Unfortunately, in the art world there have been plenty of well known artists (even some masters) who made extensive use of assistants and in some cases never even touched a canvas. Or more to the point were incapable of actually producing the final product. However, they are still the artist of note for the piece as it was their 'idea' or they created the style, etc. So clearly its not as simple as 'it should be hard' or 'work' that makes someone an artist and their work of worth. See Warhol and many pop artists for pieces of extreme value, but of relative ease to produce. Again I fall back to the prompt being the 'idea' and the truly artistic thing, even if stable diffusion or whatever is doing the work. (https://www.worldhistory.org/article/1611/life-in-a-renaissa...)

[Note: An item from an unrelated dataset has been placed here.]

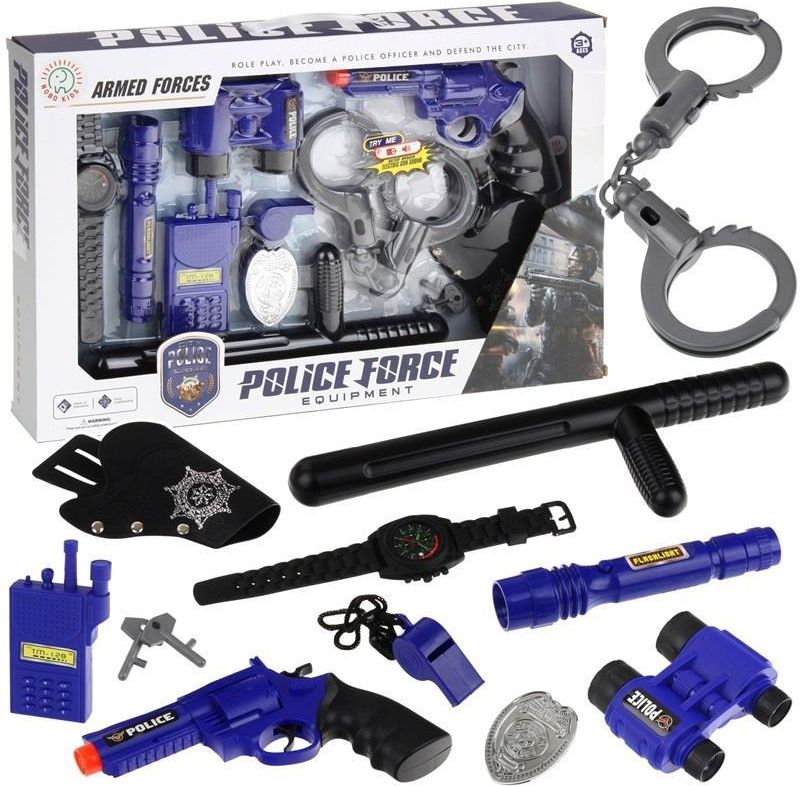 Zestaw Strój Policyjny Policjant Pistolet Kajdanki Krótkofalówka Zegarek Jeśli Twój syn marzy o tym, by zostać stróżem prawa, mamy coś idealnego! Z wyposażeniem, jakie znajduje się w przedstawionym zestawie, dziecko zaprowadzi porządek na balu, w domu i podwórku. Zawiera wszelkie niezbędne akcesoria, aby zostać policjantem lub policjantką, wcielając się w służbę mundurową. Bogato wyposażony zestaw, pozwoli przeżyć Twojemu dziecku wspaniałe chwile radosnej zabawy. Możesz tu znaleźć pistolet z kaburą, gdzie po naciśnięciu spustu, słychać odgłosy jak w realistycznym pistolecie. W zestawie: pistolet kajdanki kluczyki do kajdanek kabura na pistolet pałka lornetka odznaka krótkofalówka gwizdek latarka zegarek Sugerowany minimalny wiek (według informacji podanej przez producenta na opakowaniu): 3 lata+ Ilość elementów w zestawie: 11 Wymiary pistoletu: 3,5 (szer.) x 18 (dł.) x 13 (wys.) cm Długość pałki: 29,5 cm Długość latarki: 15,5 cm Wymiary lornetki: 9,5 (szer.) x 8,5 (dł.) x 3,5 (wys.) cm Zasilanie pistoletu: 2 baterie AG13/LR44 1,5 V (w zestawie baterie demonstracyjne) Zasilanie latarki: 3 baterie AG13/LR44 1,5 V (w zestawie baterie demonstracyjne) Wymiary opakowania: 46 (szer.) x 5 (gł.) x 28,5 (wys.) cm OSTRZEŻENIE! Nieodpowiednie dla dzieci w wieku poniżej 3 lat. Do użytku pod bezpośrednim nadzorem osób dorosłych z uwagi na małe elementy i możliwość zadławienia. Należy usunąć opakowanie przed podaniem zabawki dziecku. Opakowanie należy zachować, gdyż zawiera ważne informacje. Kolory i specyfikacja zawartości mogą się różnić od podanych na opakowaniu. Usuwanie wyeksploatowanych urządzeń elektrycznych i elektronicznych. Symbol na produkcie lub jego opakowaniu oznacza, że produkt nie powinien być zaliczany do odpadów domowych. Należy go przekazać do odpowiedniego punktu, który zajmuje się zbieraniem i recyklingiem urządzeń elektrycznych i elektronicznych. Prawidłowe usunięcie produktu zapobiegnie potencjalnym negatywnym konsekwencjom dla środowiska naturalnego i zdrowia ludzkiego, których przyczyną mogłoby być niewłaściwe usuwanie produktu. Recykling materiałów pomaga w zachowaniu surowców naturalnych. Aby uzyskać szczegółowe informacje o recyklingu tego produktu, należy skontaktować się z władzami lokalnymi, firmą świadczącą usługi oczyszczania lub sklepem, w którym produkt został kupiony. Sposób montażu i wymiany baterii: Należy używać jedynie baterii takiego typu jak to zostało pokazane na opakowaniu. Baterie należy wkładać z zachowaniem prawidłowej biegunowości zgodnie z oznaczeniami na zabawce/opakowaniu. Niewłaściwy montaż może spowodować zniszczenie zabawki lub spowodować wyciek elektrolitu a nawet pożar czy wybuch baterii. Nie należy mieszać różnych typów baterii a także nowych ze starymi. Wyczerpane baterie należy wyjąć z zabawki. Baterie należy wyjąć również w sytuacji kiedy zabawka przez dłuższy czas pozostaje nieużywana. W przeciwnym razie baterie mogą się wylać i spowodować uszkodzenie zabawki. Nie wolno wrzucać baterii do ognia. Stwarza to niebezpieczeństwo wybuchu. Nie należy otwierać baterii. Wymianę baterii powinna wykonać osoba dorosła. Nie wolno zwierać zacisków zasilania. Ostrzeżenie: Niezachowanie powyższych środków ostrożności może narazić użytkownika na niebezpieczeństwa związane z korzystaniem z wyrobu, którego modelem w skali jest zabawka. Zabawka musi być przechowywana w miejscu niedostępnym dla dzieci poniżej wieku określonego przez producenta. Jeśli Twój syn marzy o tym, by zostać stróżem prawa, mamy coś idealnego! Z wyposażeniem, jakie znajduje się w przedstawionym zestawie, dziecko zaprowadzi porządek na balu, w domu i podwórku. Zawiera wszelkie niezbędne akcesoria, aby zostać policjantem lub policjantką, wcielając się w służbę mundurową. Bogato wyposażony zestaw, pozwoli przeżyć Twojemu dziecku wspaniałe chwile radosnej zabawy. Możesz tu znaleźć pistolet z kaburą, gdzie po naciśnięciu spustu, słychać odgłosy jak w realistycznym pistolecie. W zestawie: pistolet kajdanki kluczyki do kajdanek kabura na pistolet pałka lornetka odznaka krótkofalówka gwizdek latarka zegarek Sugerowany minimalny wiek (według informacji podanej przez producenta na opakowaniu): 3 lata+ Ilość elementów w zestawie: 11 Wymiary pistoletu: 3,5 (szer.) x 18 (dł.) x 13 (wys.) cm Długość pałki: 29,5 cm Długość latarki: 15,5 cm Wymiary lornetki: 9,5 (szer.) x 8,5 (dł.) x 3,5 (wys.) cm Zasilanie pistoletu: 2 baterie AG13/LR44 1,5 V (w zestawie baterie demonstracyjne) Zasilanie latarki: 3 baterie AG13/LR44 1,5 V (w zestawie baterie demonstracyjne) Wymiary opakowania: 46 (szer.) x 5 (gł.) x 28,5 (wys.) cm OSTRZEŻENIE! Nieodpowiednie dla dzieci w wieku poniżej 3 lat. Do użytku pod bezpośrednim nadzorem osób dorosłych z uwagi na małe elementy i możliwość zadławienia. Należy usunąć opakowanie przed podaniem zabawki dziecku. Opakowanie należy zachować, gdyż zawiera ważne informacje. Kolory i specyfikacja zawartości mogą się różnić od podanych na opakowaniu. Usuwanie wyeksploatowanych urządzeń elektrycznych i elektronicznych. Symbol na produkcie lub jego opakowaniu oznacza, że produkt nie powinien być zaliczany do odpadów domowych. Należy go przekazać do odpowiedniego punktu, który zajmuje się zbieraniem i recyklingiem urządzeń elektrycznych i elektronicznych. Prawidłowe usunięcie produktu zapobiegnie potencjalnym negatywnym konsekwencjom dla środowiska naturalnego i zdrowia ludzkiego, których przyczyną mogłoby być niewłaściwe usuwanie produktu. Recykling materiałów pomaga w zachowaniu surowców naturalnych. Aby uzyskać szczegółowe informacje o recyklingu tego produktu, należy skontaktować się z władzami lokalnymi, firmą świadczącą usługi oczyszczania lub sklepem, w którym produkt został kupiony. Sposób montażu i wymia

But again, even in the case where a painter uses assistants, the limit remains human capability, and a human with the requisite skills did the work. Norms about fair use were established with scenarios like that as context. That still doesn't resemble the paradigm shift that is introduced by generative AI.
It's not about "it should be hard", but rather "artists established norms about fair used based on the fact that it was hard".
Now that this technology exists, those assumptions no longer hold up.
I don't have a dog in the fight but I imagine that the question comes down to paint.
Not in the literal sense, but in this scenario it would be like taking indistinguishable copies all of H.R. Geiger's art, painted from the same paint that H.R. Geiger used, washing the canvases clean, and then using those same paints to paint something new in H.R. Geiger's style from memory.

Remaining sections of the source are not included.